Kocaeli deplasmanında da benzer bir gol atmıştı Slovak oyuncu…
***
Aslında Kocaeli ve Göztepe maçlarında yaşadıklarının tam tersini bu kez Antalyaspor’a yaşattı Kayserispor…
Antalya’da kazanamadı ama kaybetmedi de, kaybetti denilen bir anda maça tutunmasını bildi ve puanla döndü evine…
***
Şimdi yeniden başa dönelim ve soralım; beraberlik iyi mi yoksa kötü bir sonuç mu?
5 maçtan 4 beraberlik çıkartan takımı hangi kefeye koyarsınız?
Benim yanıtım bu tabloya baktığımda asla kötü bir senaryo çizmem, asla “eyvah” demem, yarınlara dair asla ne olacak bu takımın hali?” tarzında karalar bağlamam…
***
Hiç tersini düşündünüz mü? Bir değil, beş maçı da kaybetseydi, ya da 4 beraberlik yerine 4 galibiyet alsaydı o zaman ne denilecekti?
Kayserispor geriye düştüğü iki maçı çevirmesini, öne geçtiği iki maçta da beraberlikle yetinmesini bildi.

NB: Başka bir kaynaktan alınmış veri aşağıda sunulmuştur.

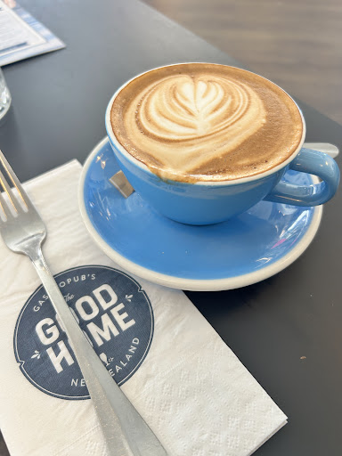 Read moreWhen my wife and I went to the coffee roast house and cafe on Pegasus Blvd, we tried to order food from a menu on the table nearby, to be told that the menu was closed. We went from there to the Good Home bar and cafe. We were made very welcome by the lovely waitress, who took our orders for food and drinks cheerfully, with a pleasant sense of humour. She made sure we had drinks and the food was prepared and served very promptly. The cafe has a pleasant atmosphere and a good view out over the Pegasus lake. I noted that they even had dog bowls on the patio for people walking or dining with their pets. When our food arrived it was lovely. I had fresh fish of the day, cooked in Macs Gold beer batter, served with delicious hot potato chips and a coleslaw that had a touch of mint. The meal was served with a tasty bowl of aioli and another one of kiwi red tomato sauce. Original and easy to eat. My wife's pork belly bits were beautifully done and she tells me they were great. I can vouch for that because she wasn't offering to share with me. Our coffees were similarly delicious and served with sugar and marshmallows. Why do baristas ask if I want marshmallows? Just looking at the size of me should answer that question. However the staff here didn't ask, just providing then in the saucer and letting us decide. The whole premises were immaculate and the restroom was spic and span. Well done team there. I would go straight to this cafe first if looking for a meal, drinks and...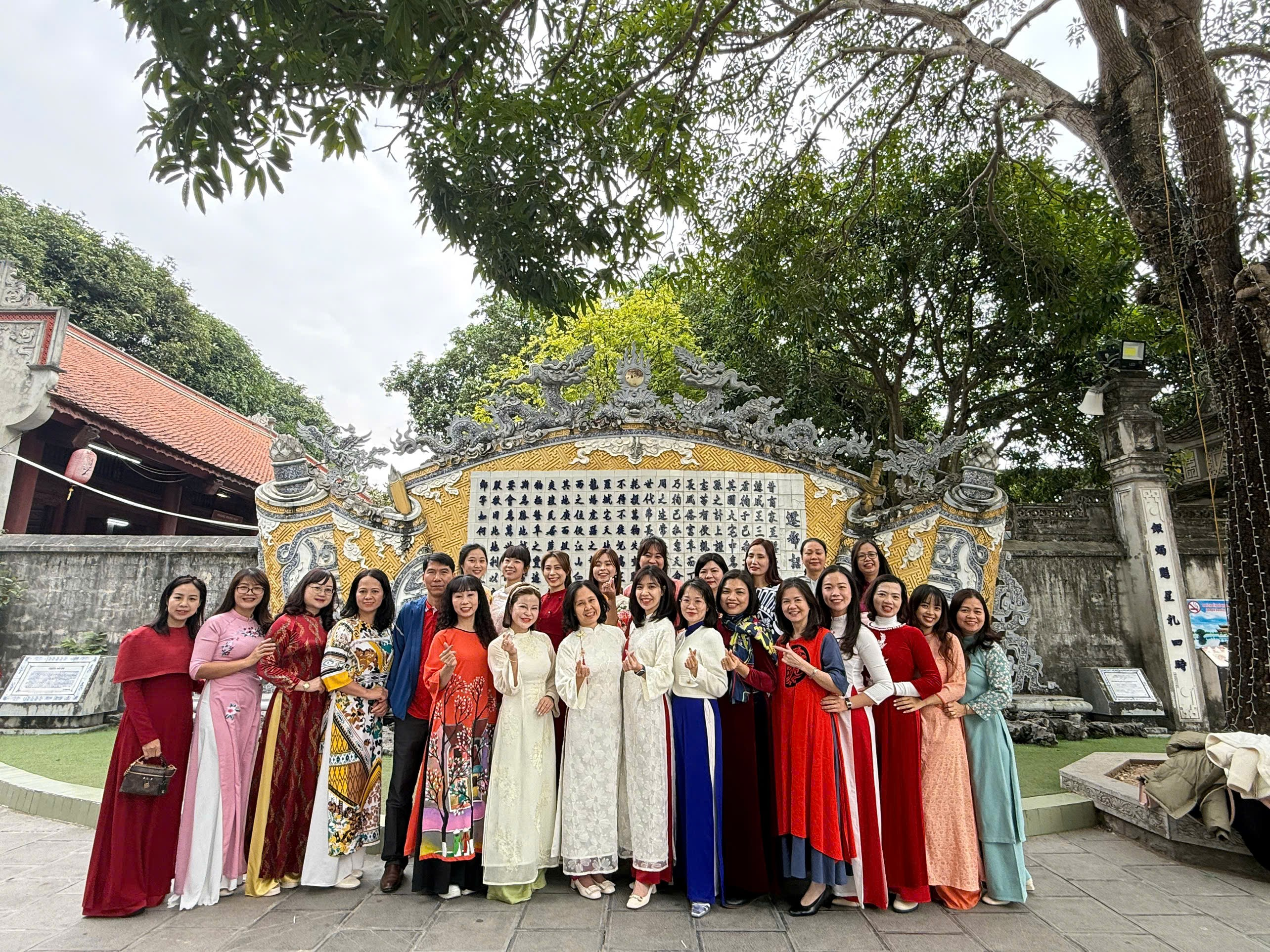 Các đảng viên Chi bộ trường Tiểu học B lưu giữ khoảnh khắc kỉ niệm bên bức Chiếu dời đô – biểu tượng cho khát vọng độc lập và tầm nhìn thiên niên kỷ của dân tộc tại Đền Đô."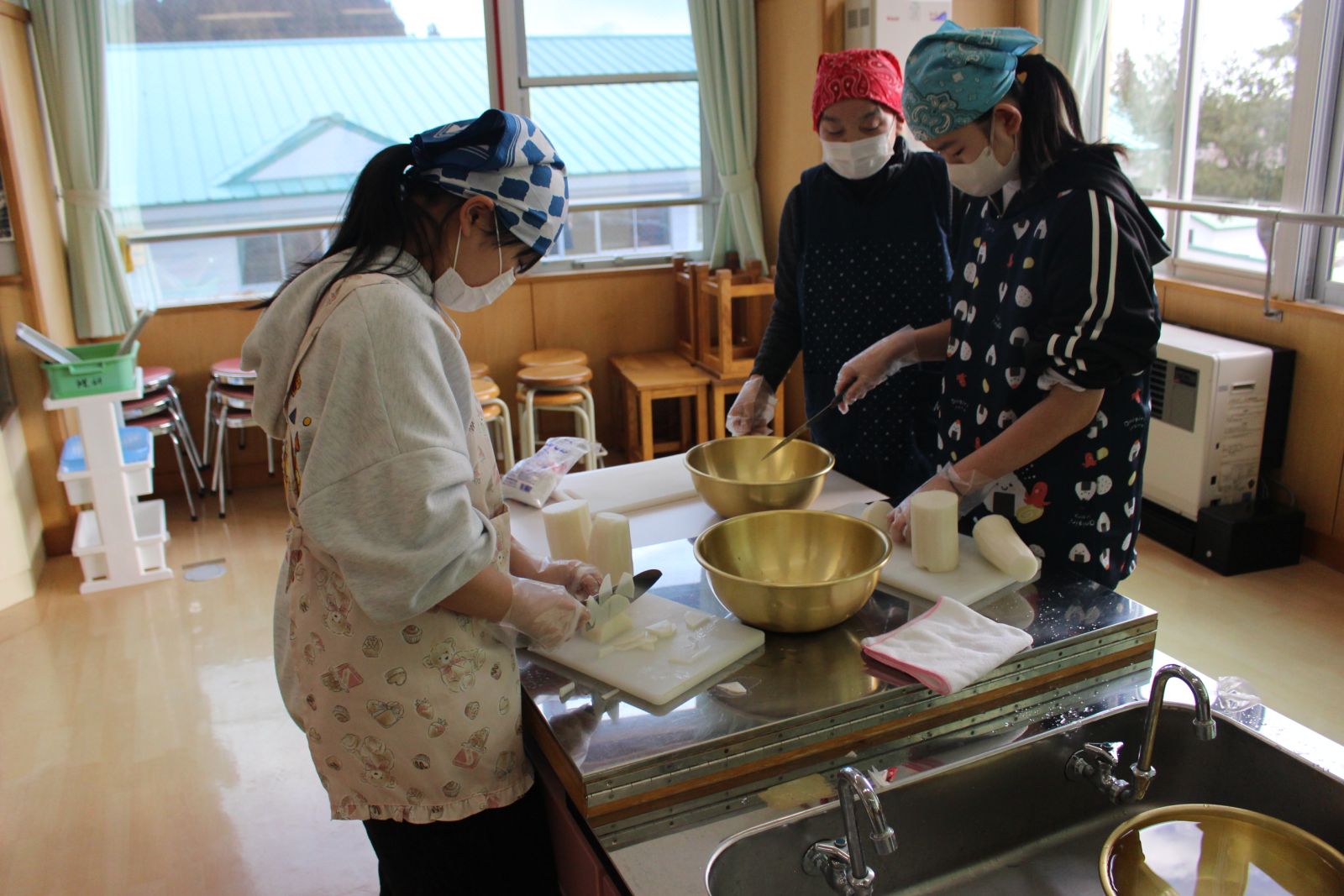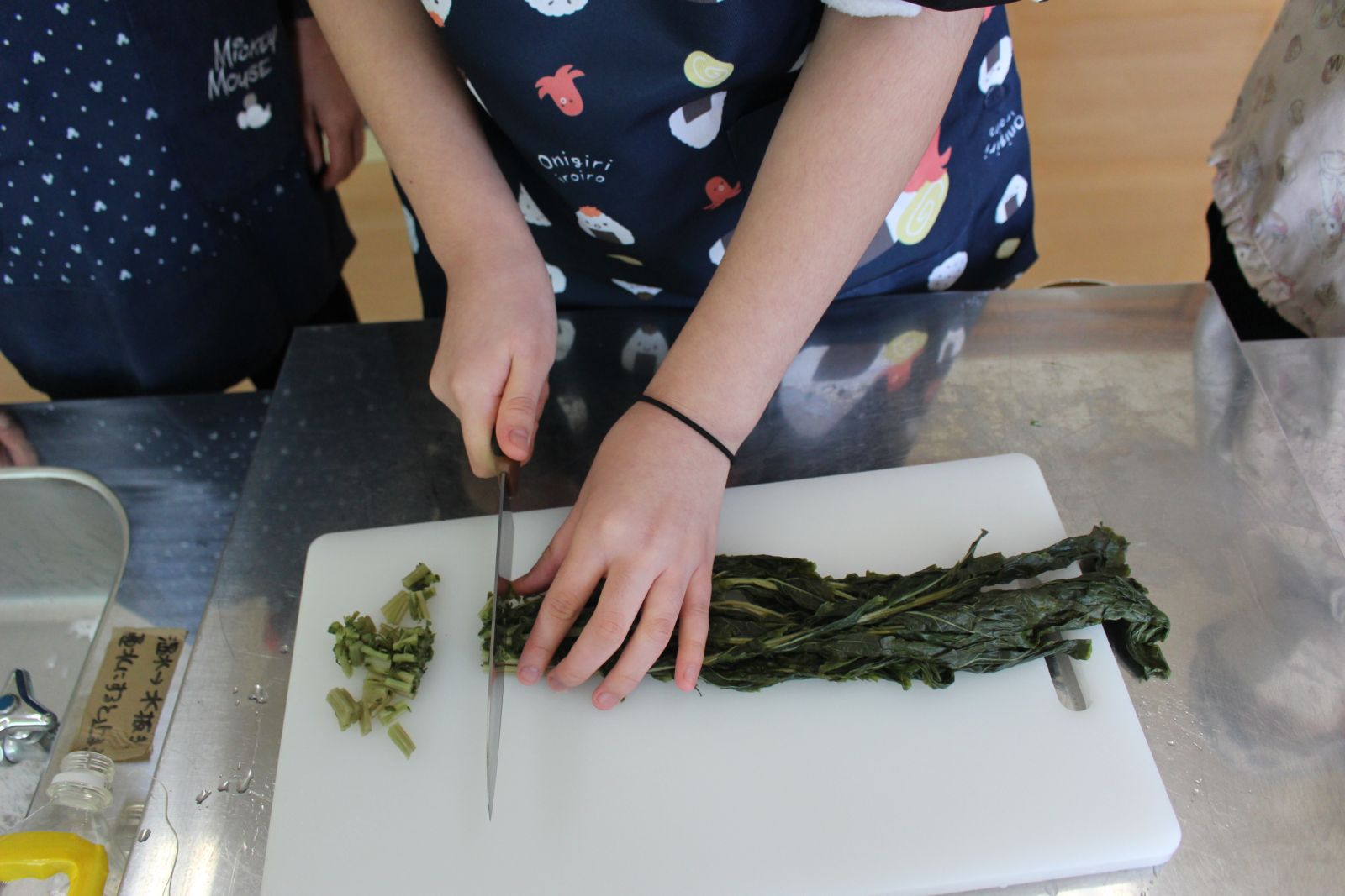 次は、大根の葉を干して、ゆでたものを切っています。(大根や干し菜は、地域の方からいただきました。ありがとうございます)

Daha yolun başındayız, daha düne kadar bu takımın akıbetinin ne olacağını konuşmuyor muyduk?
Daha düne kadar tahtasının açılmasının mucizelere bağlı olduğunu söylemiyor muyduk?

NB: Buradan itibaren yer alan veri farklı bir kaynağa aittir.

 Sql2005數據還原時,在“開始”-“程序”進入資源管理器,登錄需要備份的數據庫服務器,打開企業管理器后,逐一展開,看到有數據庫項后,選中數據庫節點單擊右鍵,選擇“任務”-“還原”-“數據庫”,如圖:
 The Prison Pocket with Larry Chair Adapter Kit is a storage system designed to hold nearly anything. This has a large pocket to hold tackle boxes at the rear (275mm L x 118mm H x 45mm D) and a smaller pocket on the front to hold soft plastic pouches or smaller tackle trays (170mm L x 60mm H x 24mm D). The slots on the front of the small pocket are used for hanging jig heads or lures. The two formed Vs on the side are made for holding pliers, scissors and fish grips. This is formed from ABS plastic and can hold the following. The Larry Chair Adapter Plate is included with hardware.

Gelenler de gidenler de oldu, bu acelecilikte neyin nesi?
***
Beklemek gerek, sabırlı olmak, hepsinden önemlisi sahip çıkmak gerek. Hocanın, futbolcunun, yönetimin bugün sorgulanma dönemi değildir, gün takımın yanında olma günüdür. Çarşamba akşamı erteleme maçında Beşiktaş karşısında Kayserispor’un ardından rüzgar olma günüdür.
***
Bakın şuraya da yazıyorum, Kayserispor önce Beşiktaş’ı, ardından Gençlerbirliğini devirip bir anda bambaşka bir konuma gelebilir. Arkadaşlar biraz sabır, bu takımın hangi badireleri atlatıp bugünlere geldiğini lütfen unutmayalım, bundan sonraki süreçte daha iyi olacağına inanıyorum.